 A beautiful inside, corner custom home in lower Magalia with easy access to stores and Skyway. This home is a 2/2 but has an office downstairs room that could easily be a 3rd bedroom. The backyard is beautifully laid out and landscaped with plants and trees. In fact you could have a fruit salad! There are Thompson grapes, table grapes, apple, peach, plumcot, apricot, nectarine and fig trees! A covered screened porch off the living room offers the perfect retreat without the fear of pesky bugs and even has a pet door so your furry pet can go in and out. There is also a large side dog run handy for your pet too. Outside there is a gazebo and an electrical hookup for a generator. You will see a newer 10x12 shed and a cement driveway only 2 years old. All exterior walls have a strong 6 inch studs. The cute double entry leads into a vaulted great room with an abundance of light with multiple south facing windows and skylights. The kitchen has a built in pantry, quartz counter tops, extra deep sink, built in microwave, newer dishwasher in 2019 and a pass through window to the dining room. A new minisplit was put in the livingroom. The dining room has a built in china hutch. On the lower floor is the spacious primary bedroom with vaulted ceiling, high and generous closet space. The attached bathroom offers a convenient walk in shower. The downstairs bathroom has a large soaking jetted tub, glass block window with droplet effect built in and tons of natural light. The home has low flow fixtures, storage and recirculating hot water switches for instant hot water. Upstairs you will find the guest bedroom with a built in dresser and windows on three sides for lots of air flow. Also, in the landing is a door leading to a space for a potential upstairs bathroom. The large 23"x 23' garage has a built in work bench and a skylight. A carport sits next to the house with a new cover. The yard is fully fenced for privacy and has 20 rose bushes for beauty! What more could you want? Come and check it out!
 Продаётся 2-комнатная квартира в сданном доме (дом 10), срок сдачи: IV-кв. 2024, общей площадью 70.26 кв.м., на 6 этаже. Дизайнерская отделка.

☆ ☆ ☆ ☆

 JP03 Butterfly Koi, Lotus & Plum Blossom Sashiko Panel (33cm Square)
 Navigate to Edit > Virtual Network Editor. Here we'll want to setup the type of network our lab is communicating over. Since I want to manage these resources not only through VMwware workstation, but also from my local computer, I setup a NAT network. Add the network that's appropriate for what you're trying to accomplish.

☆ ☆ ☆ ☆

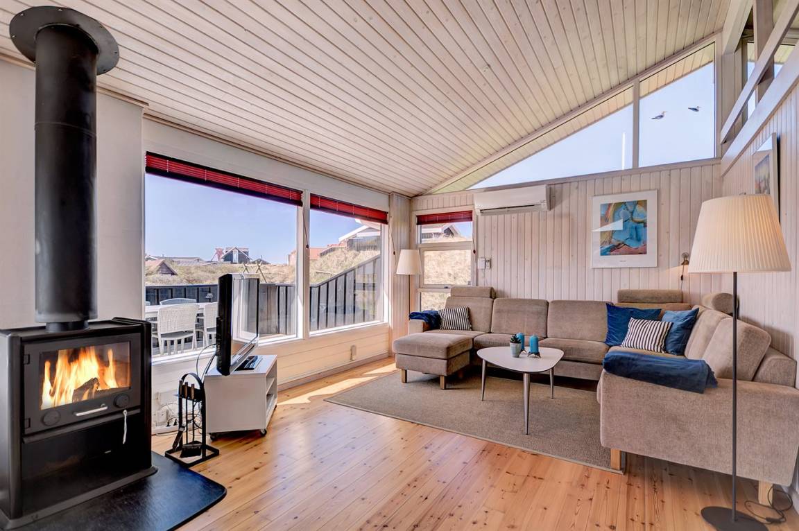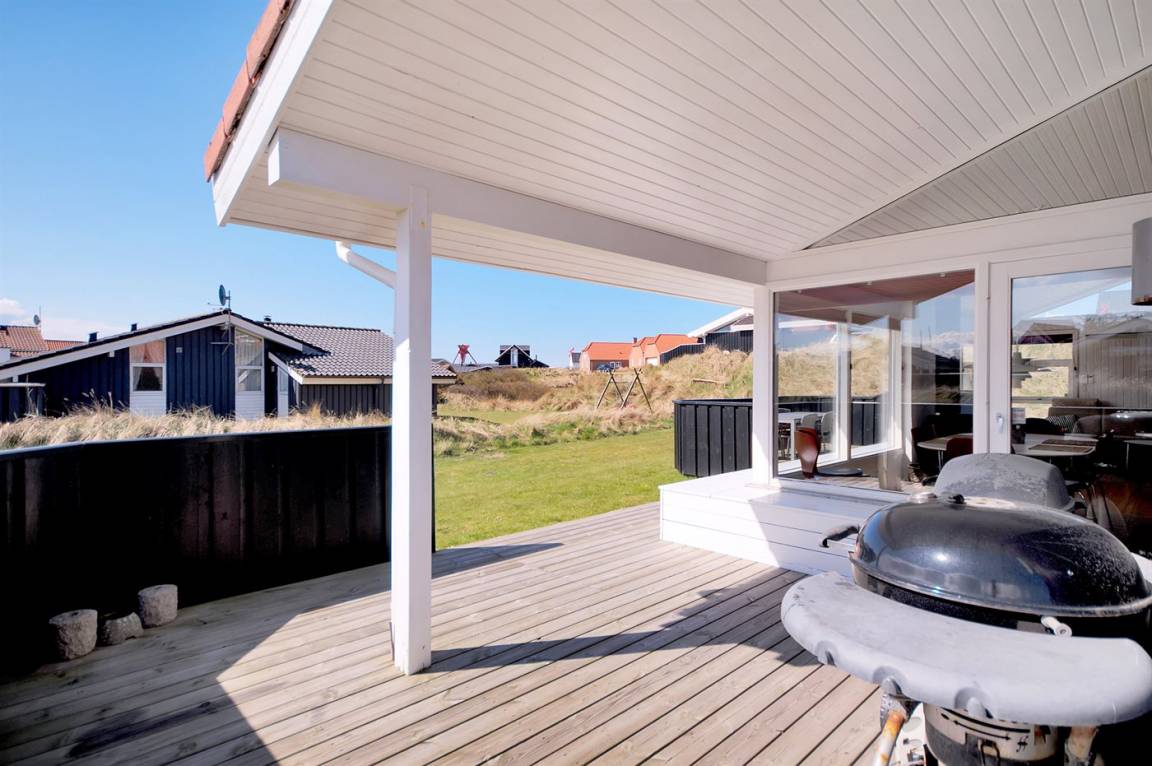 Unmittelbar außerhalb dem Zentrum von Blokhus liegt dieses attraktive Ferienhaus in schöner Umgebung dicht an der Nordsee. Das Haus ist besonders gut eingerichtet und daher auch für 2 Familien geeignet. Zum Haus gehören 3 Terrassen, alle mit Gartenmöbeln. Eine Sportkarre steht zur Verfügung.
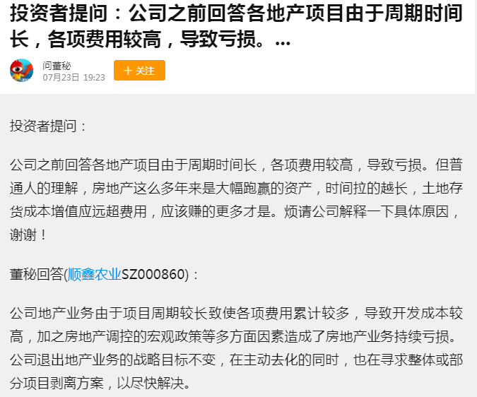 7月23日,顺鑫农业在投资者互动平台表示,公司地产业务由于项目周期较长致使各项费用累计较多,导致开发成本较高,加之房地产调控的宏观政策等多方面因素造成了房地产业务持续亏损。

☆ ☆ ☆ ☆

• WHAT IS NEEDED
Nothing outside the stretch above, from the line with "Unmittelbar außerhalb dem" through the line with "7月23日,顺鑫农业在投资者", is set down. Transcribe that stretch exactly, ends included, but not its pictures.

• EXERCISE SOLUTION
 Unmittelbar außerhalb dem Zentrum von Blokhus liegt dieses attraktive Ferienhaus in schöner Umgebung dicht an der Nordsee. Das Haus ist besonders gut eingerichtet und daher auch für 2 Familien geeignet. Zum Haus gehören 3 Terrassen, alle mit Gartenmöbeln. Eine Sportkarre steht zur Verfügung.
 7月23日,顺鑫农业在投资者互动平台表示,公司地产业务由于项目周期较长致使各项费用累计较多,导致开发成本较高,加之房地产调控的宏观政策等多方面因素造成了房地产业务持续亏损。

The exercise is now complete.